#### SUPPLIED MATERIAL

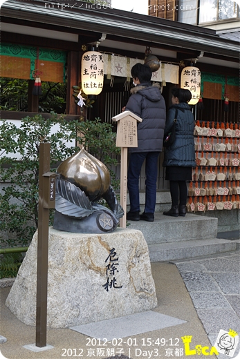 據說摸一摸便能消災解厄的厄除桃。大捲這天晚上在房裡看旅遊書時才注意到書上寫的晴明神社,一直唉唉叫說沒看到厄除桃,我還特地給她看了我拍的照片,她才相信。所以,之後因為巴士順路,所以我們又來了一趟~~為的是讓她摸摸桃子。
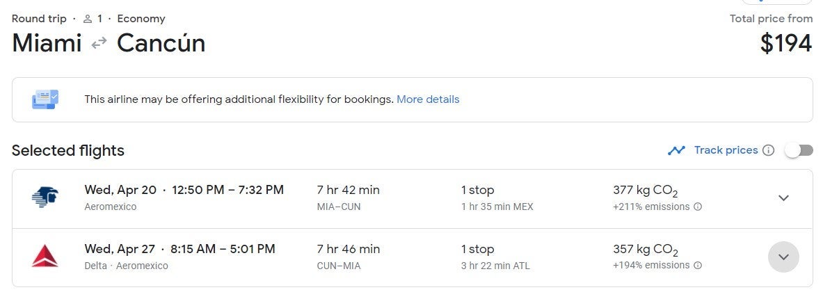 The least expensive deal we found was from Miami (MIA) to Cancun (CUN) for $194. This fare includes a departure on Aeromexico with a stop in Mexico City (MEX), and the return flight is on Delta with a stop in Atlanta (ATL).
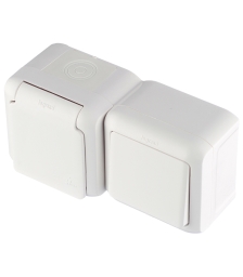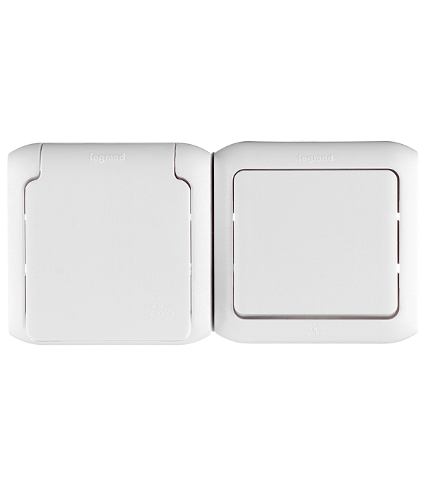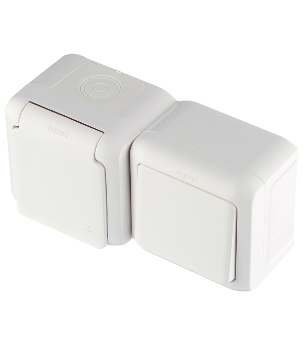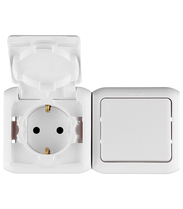 Блок выключатель с розеткой Legrand Quteo 782318 одноклавишный открытая установка белый с зазем
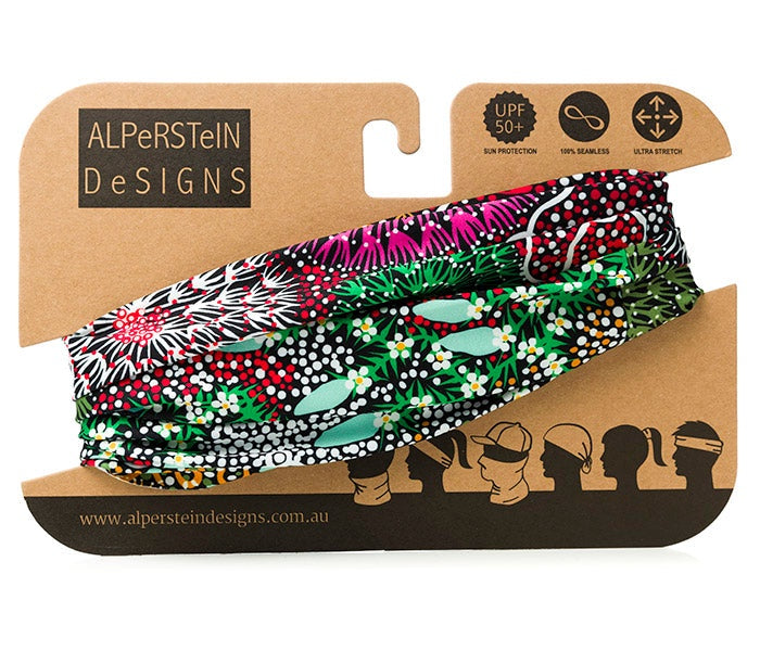 With so many ways to wear your neck gaiter and so many activities to wear them at, these neck gaiters are great for when you are out and about. Whether it's fishing or riding, skiing or running or just out for the day! Head out in style! Neck Gaiters are UPF 50+ for extra protection from the elements. Available in assorted designs, including featured artwork, reproduced under license by Aboriginal artist, Coral Hayes Pananka..
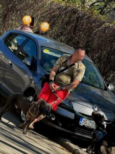 ”De asemenea, în urma controlului corporal preventiv, asupra persoanei a fost găsită o folie de aluminiu împăturită, în interiorul căreia se afla o substanţă vegetală de culoare brun-verzuie. Pe numele bărbatului au fost întocmite actele de sesizare pentru săvârşirea infracţiunii de deţinere fără drept de substanţe cu efect psihoactiv, fiindu-i aplicată şi sancţiunea contravenţională pentru nerespectarea legislaţiei privind regimul câinilor periculoşi”, a menţionat sursa citată.
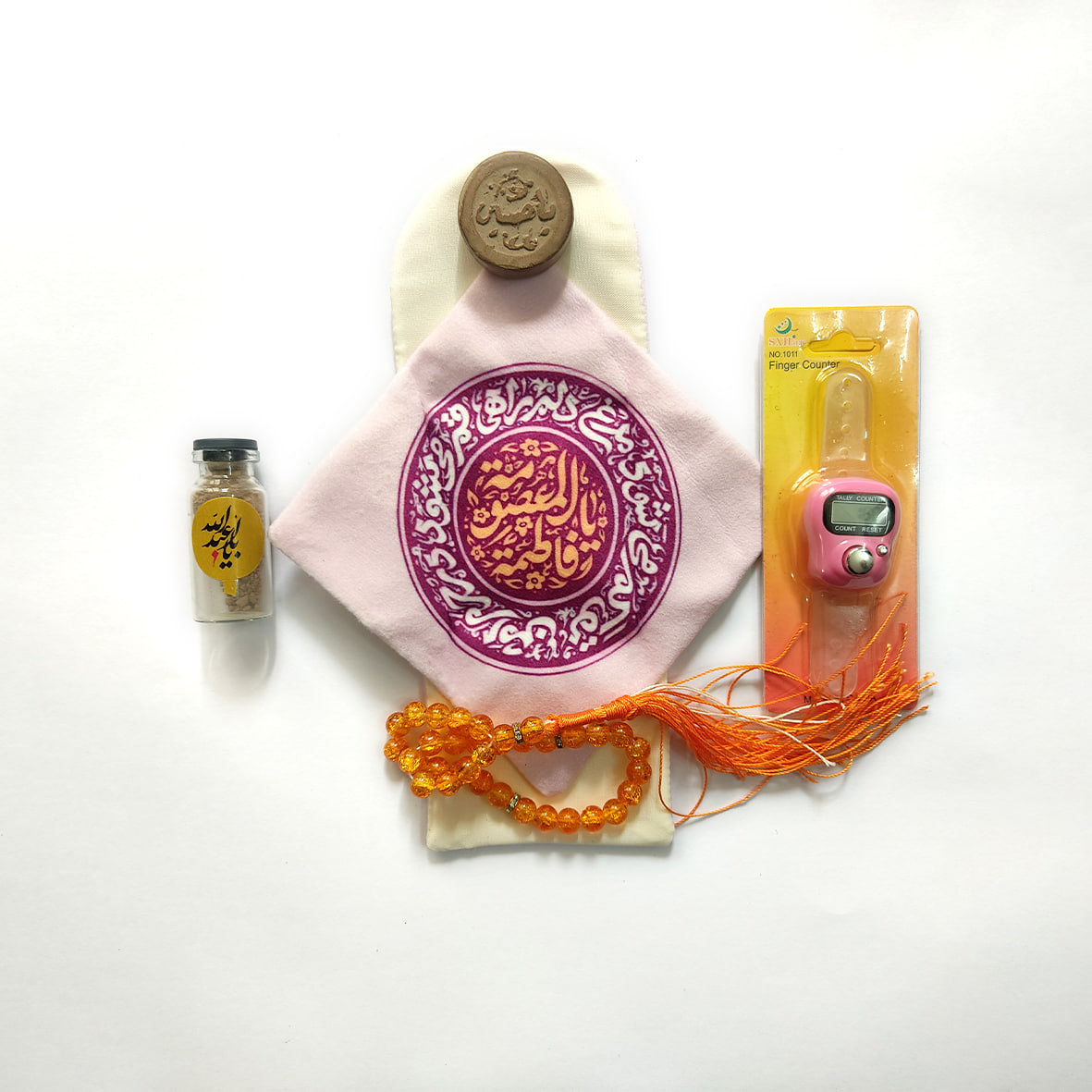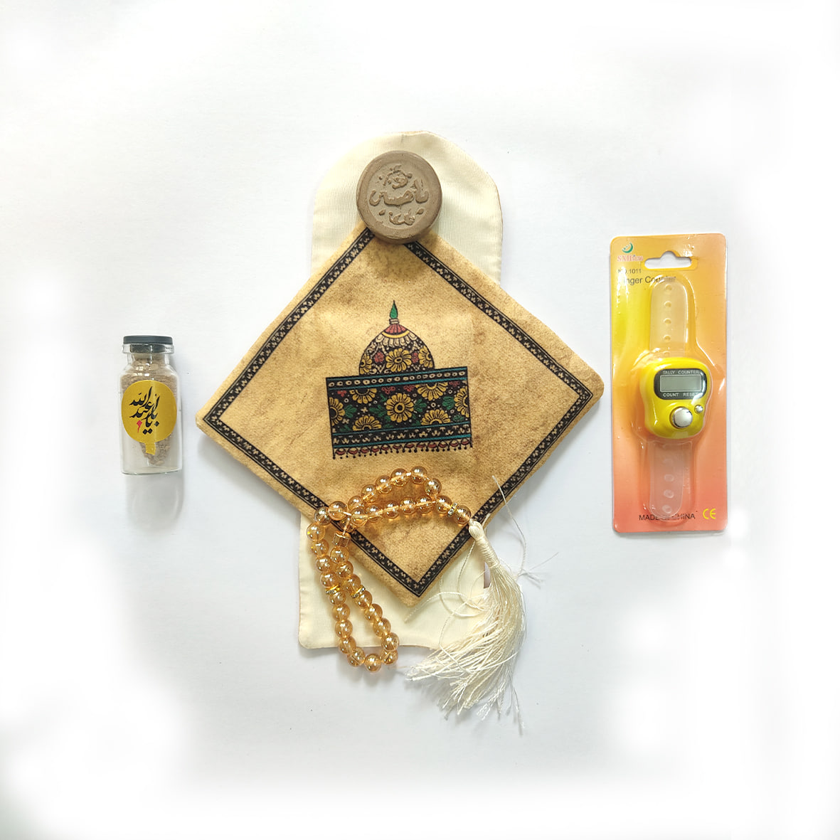با تهیه بسته محصولات عبادی، تجربهای آرامشبخش و معنوی را به خانهتان بیاورید. این بسته شامل جانماز کیفی، صلواتشمار، تسبیح، مهر و تربت حضرت امام حسین علیهالسلام میباشد.

#### PROBLEM STATEMENT
The pictures should be dropped, and every line above should be set down again exactly.

#### WRITTEN RESPONSE
 據說摸一摸便能消災解厄的厄除桃。大捲這天晚上在房裡看旅遊書時才注意到書上寫的晴明神社,一直唉唉叫說沒看到厄除桃,我還特地給她看了我拍的照片,她才相信。所以,之後因為巴士順路,所以我們又來了一趟~~為的是讓她摸摸桃子。
 The least expensive deal we found was from Miami (MIA) to Cancun (CUN) for $194. This fare includes a departure on Aeromexico with a stop in Mexico City (MEX), and the return flight is on Delta with a stop in Atlanta (ATL).
 Блок выключатель с розеткой Legrand Quteo 782318 одноклавишный открытая установка белый с зазем
 With so many ways to wear your neck gaiter and so many activities to wear them at, these neck gaiters are great for when you are out and about. Whether it's fishing or riding, skiing or running or just out for the day! Head out in style! Neck Gaiters are UPF 50+ for extra protection from the elements. Available in assorted designs, including featured artwork, reproduced under license by Aboriginal artist, Coral Hayes Pananka..
 ”De asemenea, în urma controlului corporal preventiv, asupra persoanei a fost găsită o folie de aluminiu împăturită, în interiorul căreia se afla o substanţă vegetală de culoare brun-verzuie. Pe numele bărbatului au fost întocmite actele de sesizare pentru săvârşirea infracţiunii de deţinere fără drept de substanţe cu efect psihoactiv, fiindu-i aplicată şi sancţiunea contravenţională pentru nerespectarea legislaţiei privind regimul câinilor periculoşi”, a menţionat sursa citată.
با تهیه بسته محصولات عبادی، تجربهای آرامشبخش و معنوی را به خانهتان بیاورید. این بسته شامل جانماز کیفی، صلواتشمار، تسبیح، مهر و تربت حضرت امام حسین علیهالسلام میباشد.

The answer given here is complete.